The Influence(121)
“Unc?” Kevin said quietly.
“Yeah?” They were all whispering now.
“I need a hose. I need some water.”
He frowned, confused. “To drink?”
“No. To put in those bottles.” He nodded toward the carton Ross was carrying. “That’s what makes them work.”
He wished his nephew had said something earlier, but he only nodded and passed the word along.
“Hopefully there is one,” was all McDaniels had to say.
The bed of the wash had gotten rocky, slowing their progress, and, ahead, a tree stump marked a change in the direction of the dry stream. They followed the turn—
And stopped.
Squatting in the sand, waiting for them, was a man with the head of a jackal. He was wearing muddy jeans and a flannel shirt that looked familiar, and Ross was pretty sure that he used to be Fred Hanson, the guy who’d cleaned out Lita and Dave’s septic tank. Ross glanced over at McDaniels, whose blanched face told him that he’d recognized the man, too.
But that didn’t stop McDaniels from raising his rifle. “Stop right there,” he said. “Don’t move, don’t say a word. I hear a peep outta you, I’m takin’ off your head.”
The jackal man was not alone, Ross saw. Behind him, several small creatures cavorted in the wash, jumping from rock to rock. They looked like miniature rat-faced kangaroos, but it was difficult to see them clearly because they kept moving.
Hec was counting. “…three, four, five… I see five of ’em.” His rifle, too, was raised.
“What do we do now?” McDaniels asked Ross. “It’s kind of a Mexican standoff here.”
Then the jackal man roared like a lion and leaped forward, the creatures behind him scurrying in his wake, squealing in high-pitched voices and showing fangs.
This close, the report from McDaniel’s rifle was deafening. Hec’s followed instantly after, or maybe at the same time—it was hard to tell because he was firing over and over again. The jackal head exploded in a burst of blood, fur and flesh, and the little leaping monsters were blasted into nothing.
“They know where we are now,” Kevin said, hefting his box.
“In for a penny, in for a pound.” McDaniels pointed up the sloping side of the wash. “It’s now or never. Let’s do it.”
That was the last word any of them spoke as they ran out of the dry stream bed, across an open area, and along the east side of the barn. In the lead now, Ross stopped and peeked around the corner of the building, looking toward the place where the smokehouse should have been. He quickly pulled back. There was an army out there. Literally dozens of men and women, seemingly all of them armed, some with farming implements, some with firearms, were stationed in front of, behind and to the sides of what looked like an enormous black egg the size of a small car, a situation so daunting as to seem nearly insurmountable.

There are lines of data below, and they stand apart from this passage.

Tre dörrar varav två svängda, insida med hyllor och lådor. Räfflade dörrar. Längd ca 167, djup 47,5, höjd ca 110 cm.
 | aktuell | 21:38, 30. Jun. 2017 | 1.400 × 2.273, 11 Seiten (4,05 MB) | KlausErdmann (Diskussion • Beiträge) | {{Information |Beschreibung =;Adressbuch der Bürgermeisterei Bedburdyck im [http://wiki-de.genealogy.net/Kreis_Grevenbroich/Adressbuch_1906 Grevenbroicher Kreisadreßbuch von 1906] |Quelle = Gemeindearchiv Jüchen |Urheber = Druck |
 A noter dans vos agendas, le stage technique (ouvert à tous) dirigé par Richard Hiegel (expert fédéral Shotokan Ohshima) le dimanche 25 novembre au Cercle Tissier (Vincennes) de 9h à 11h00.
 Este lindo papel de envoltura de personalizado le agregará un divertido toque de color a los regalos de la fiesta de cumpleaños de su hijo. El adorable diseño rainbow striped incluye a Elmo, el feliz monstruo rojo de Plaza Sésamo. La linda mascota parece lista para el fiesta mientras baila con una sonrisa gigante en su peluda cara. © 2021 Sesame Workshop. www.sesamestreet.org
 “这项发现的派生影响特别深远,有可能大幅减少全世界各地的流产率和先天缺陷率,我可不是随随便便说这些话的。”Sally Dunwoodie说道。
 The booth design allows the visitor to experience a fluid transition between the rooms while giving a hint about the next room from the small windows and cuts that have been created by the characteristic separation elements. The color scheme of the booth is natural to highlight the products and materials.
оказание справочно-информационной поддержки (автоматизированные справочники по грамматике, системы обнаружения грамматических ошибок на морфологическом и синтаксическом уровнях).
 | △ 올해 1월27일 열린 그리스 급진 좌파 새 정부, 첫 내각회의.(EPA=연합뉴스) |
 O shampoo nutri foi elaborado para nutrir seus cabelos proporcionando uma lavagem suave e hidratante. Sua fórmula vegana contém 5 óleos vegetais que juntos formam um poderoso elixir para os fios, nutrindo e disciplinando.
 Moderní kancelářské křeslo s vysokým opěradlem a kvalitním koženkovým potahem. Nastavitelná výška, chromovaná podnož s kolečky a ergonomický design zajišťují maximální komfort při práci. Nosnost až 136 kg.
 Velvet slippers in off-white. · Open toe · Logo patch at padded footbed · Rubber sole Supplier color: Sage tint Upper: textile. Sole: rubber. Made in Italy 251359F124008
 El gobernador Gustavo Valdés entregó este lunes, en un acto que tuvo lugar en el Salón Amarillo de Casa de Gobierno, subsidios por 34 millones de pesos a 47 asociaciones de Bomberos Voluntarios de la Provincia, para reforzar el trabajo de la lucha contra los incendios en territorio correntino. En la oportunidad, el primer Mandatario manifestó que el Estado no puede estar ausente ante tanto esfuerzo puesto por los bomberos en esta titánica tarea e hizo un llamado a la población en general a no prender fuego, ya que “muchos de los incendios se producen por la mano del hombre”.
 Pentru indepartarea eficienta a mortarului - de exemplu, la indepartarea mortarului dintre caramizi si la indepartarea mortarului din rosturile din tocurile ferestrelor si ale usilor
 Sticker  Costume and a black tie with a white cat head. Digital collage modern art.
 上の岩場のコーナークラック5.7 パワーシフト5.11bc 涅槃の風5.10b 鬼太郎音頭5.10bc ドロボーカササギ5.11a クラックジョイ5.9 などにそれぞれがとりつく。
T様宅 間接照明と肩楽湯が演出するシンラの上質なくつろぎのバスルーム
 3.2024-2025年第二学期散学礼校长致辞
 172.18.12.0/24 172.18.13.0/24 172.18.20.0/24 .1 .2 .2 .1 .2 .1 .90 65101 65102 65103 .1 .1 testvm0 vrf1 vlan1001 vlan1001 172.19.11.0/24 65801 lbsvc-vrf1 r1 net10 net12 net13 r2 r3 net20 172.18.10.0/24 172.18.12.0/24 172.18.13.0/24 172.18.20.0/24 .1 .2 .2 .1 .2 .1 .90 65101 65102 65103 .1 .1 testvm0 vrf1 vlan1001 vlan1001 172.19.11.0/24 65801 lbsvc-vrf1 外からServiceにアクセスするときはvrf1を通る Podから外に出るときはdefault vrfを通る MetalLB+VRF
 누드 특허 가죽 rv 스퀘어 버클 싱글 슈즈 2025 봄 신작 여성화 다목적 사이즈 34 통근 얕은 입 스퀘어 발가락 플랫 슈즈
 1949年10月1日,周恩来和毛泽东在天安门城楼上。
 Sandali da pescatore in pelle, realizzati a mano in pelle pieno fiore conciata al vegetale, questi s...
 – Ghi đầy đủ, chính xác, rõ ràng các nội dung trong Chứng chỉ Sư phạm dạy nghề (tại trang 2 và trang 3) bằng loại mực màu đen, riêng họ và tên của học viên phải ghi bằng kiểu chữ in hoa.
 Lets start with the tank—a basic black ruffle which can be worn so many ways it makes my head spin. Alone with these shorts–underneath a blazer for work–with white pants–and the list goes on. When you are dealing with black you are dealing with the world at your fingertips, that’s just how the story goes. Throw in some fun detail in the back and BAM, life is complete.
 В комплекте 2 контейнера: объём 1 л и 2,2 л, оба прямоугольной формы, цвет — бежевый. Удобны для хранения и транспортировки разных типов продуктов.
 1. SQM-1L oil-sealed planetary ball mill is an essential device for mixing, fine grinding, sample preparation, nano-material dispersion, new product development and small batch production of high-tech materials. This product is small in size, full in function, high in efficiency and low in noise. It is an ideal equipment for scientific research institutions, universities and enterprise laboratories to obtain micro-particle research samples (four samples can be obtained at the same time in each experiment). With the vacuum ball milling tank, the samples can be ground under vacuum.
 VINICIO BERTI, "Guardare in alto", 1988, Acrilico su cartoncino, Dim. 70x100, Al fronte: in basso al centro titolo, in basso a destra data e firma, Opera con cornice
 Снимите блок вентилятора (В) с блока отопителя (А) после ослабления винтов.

As of yet, they did not appear to have been spotted, and no one was coming up behind them, so Ross gestured for the others to follow him and backtracked several yards. Crouching down along the side of the barn, his box in front of him, he explained what he’d seen. “We’re outnumbered ten to one. Anybody have any ideas?”
Kevin nodded calmly. He was already opening his box. “I’ll create a distraction. I’ll set up an explosion in the barn. Everyone will come running, and that’s when I’ll go in and take out that…angel?...demon?...whatever it is. You guys just cover me.”
“I don’t have a gun,” Ross said. “And wouldn’t know how to shoot it if I did,” he admitted.
Kevin smiled, pointing to the box in front of his uncle. “That’s what those are for. And that’s why we need some water.” He picked up one of the two-liter Coke bottles. “There’s Drano crystals in here. And aluminum foil. All you do is add water, shake and throw. Basically, it’ll explode and spray acid all over. It won’t start a fire, but it’ll take care of anyone in its way.”
Ross felt uncomfortable about actually hurting anyone. Cameron Holt had always been an asshole, but that didn’t necessarily hold true for everyone here. And even assholes didn’t deserve to die. These were just people who’d gotten sucked into the monster’s orbit, maybe the people who’d been there New Year’s Eve when it had been shot down. Chances were, if they could pull this off and destroy that black monstrosity, those individuals would revert back to normal once it was all over. They couldn’t do that if they were dead. Or scarred by acid.
That jackal man—Fred Hanson?—was already on his conscience.